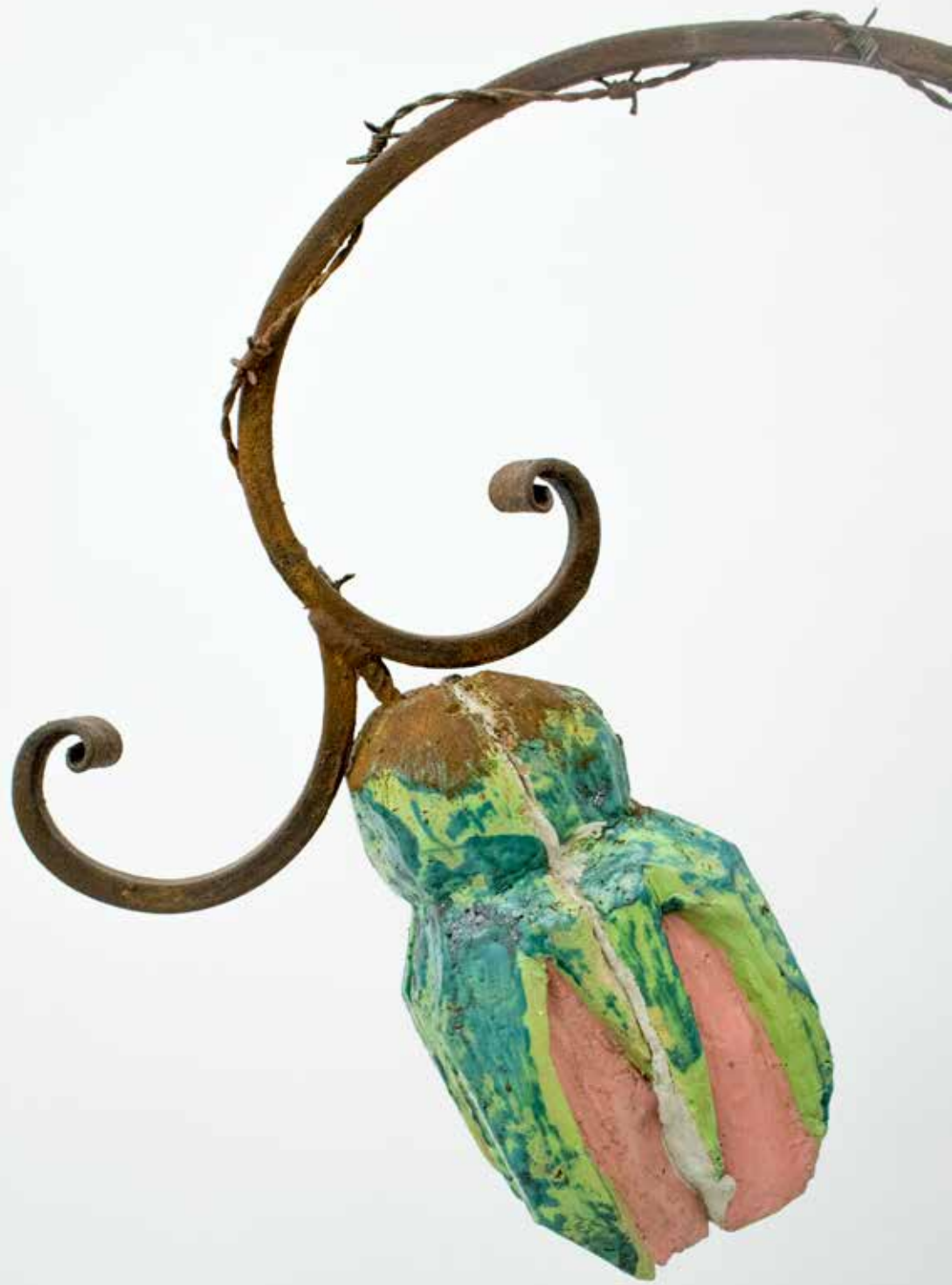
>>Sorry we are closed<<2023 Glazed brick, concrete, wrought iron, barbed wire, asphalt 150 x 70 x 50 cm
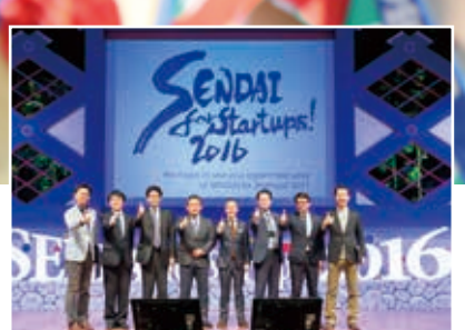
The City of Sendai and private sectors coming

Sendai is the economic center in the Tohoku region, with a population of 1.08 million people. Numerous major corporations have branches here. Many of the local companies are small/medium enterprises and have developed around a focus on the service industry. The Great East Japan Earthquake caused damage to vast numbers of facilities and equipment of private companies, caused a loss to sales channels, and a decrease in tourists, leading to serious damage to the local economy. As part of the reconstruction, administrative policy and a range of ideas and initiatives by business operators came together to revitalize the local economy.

-- Assignment --
A single figure is required: the number of lines in the data above in which the word "private" appears.

-- Result for this task --
2